Легкая дрожь прошла по всем суставам поезда; как кости, хрустнули и заскрипели вагоны и платформы. «Потягивается! — радостно подумал Виктор. — Сейчас тронемся!» И ему впервые за все это время стало легко и покойно.
Какой-то человек, пыхтя и сопя, взбирался к Виктору на платформу. Виктор замер, всем телом приник к углю, даже затаил дыхание. Человек влез и тоже плюхнулся на уголь, рядом.
В ту же минуту поезд еще раз дернулся — и пошел!.. Сначала медленно, словно пробуя, ощупывая путь, потом все быстрей и быстрей застучали колеса. Резкий сквознячок просвистел над платформой. Виктор поежился. Холодно. «Если засну — замерзну».
— Виктор? — тихо спросил человек рядом.
Виктор вздрогнул. Его первым движением было схватить сундучок и прыгать! Но поезд теперь шел полным ходом, только телеграфные столбы мелькали.
— Виктор! — еще раз позвал человек рядом, и Виктор с ужасом узнал знакомым голос.
— Это ты, Андрей?
Я, конечно, не мог знать тогда, осенью тридцатого года, что поезда, который вез меня из армии домой в Донбасс, и опаздывал, выбившись где-то между Прохладной и Ростовом из графика, так нетерпеливо ждет на маленькой станции в степи некий молодой человек по имени Виктор Абросимов.
Тогда совсем не знал я этого парня. И даже имени его никогда не слышал. И не думал я и не гадал, что когда-нибудь войдет он в мою жизнь.
Проклиная и поезд, и машиниста, и все железнодорожное начальство на свете, стоял я в тамбуре вагона — в купе уже не сиделось — и тоже ждал, ждал страстно, нетерпеливо, влюбленно, — ждал встречи. И не с друзьями — их я обниму только завтра — и даже не с матерью, а с ним — с суровым и нежным другом моего детства и моей озорной юности — с Донбассом.
Там я родился и вырос. Там съел первый кусок хлеба, заработанный собственными руками. Там, неожиданно для себя, сложил первые стихи и убежал с ними далеко в степь и на кургане, плача от гордости и счастья, читал их сам себе, а ветер уносил слова.

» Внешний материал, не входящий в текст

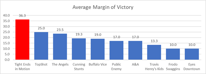 Tight Ends in Motion could not have imagined a better start to their season. Still undefeated, still the #1 offense in the TSL, still the #1 defense in the TSL, and still (obviously) the #1 point differential in the TSL, all while playing in D1. In fact let's pause to look at their dominance graphically:
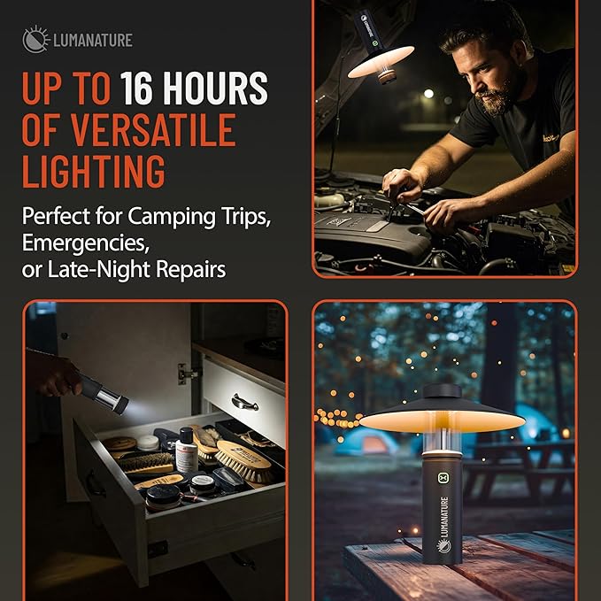 • RECHARGEABLE FOR LONG-LASTING POWER: Stay illuminated with 6–16 hours of battery life, depending on the mode. The USB-C rechargeable 2000mAh battery fully charges in just 3 hours, making this emergency lantern light perfect for extended camping trips, nighttime repairs, and survival situations without worrying about running out of light.

Там впервые поцеловал я девушку. У нее были каштановые волосы, золотистые на концах. Всю ночь просидели мы с ней на кургане; ее губы пахли полынью, и сладостно-горькими и жуткими были наши поцелуи; казалось, все звезды над степью видят их и не одобряют.
Но старый курган был за нас и за нашу любовь, и отрадно было лежать в его душистом чебреце и полыни, и слышать, как жарко и томно дышит добрая земля, и, пьянея от запахов трав, земли и ветра, без конца говорить о любви и о будущем. В ту ночь все казалось возможным и близким, даже звезды в небе.
Так просидели мы до зари, пока гудок «Крутой Марии», вдруг властно прокатившийся над степью, не вспугнул нас и не напомнил, что, кроме поцелуев, есть еще жизнь, и труд, и доска табельщика у проходных ворот. Взявшись за руки, сбежали мы с кургана и у самого поселка расстались, смущенные и счастливые, не смея глядеть в глаза друг другу…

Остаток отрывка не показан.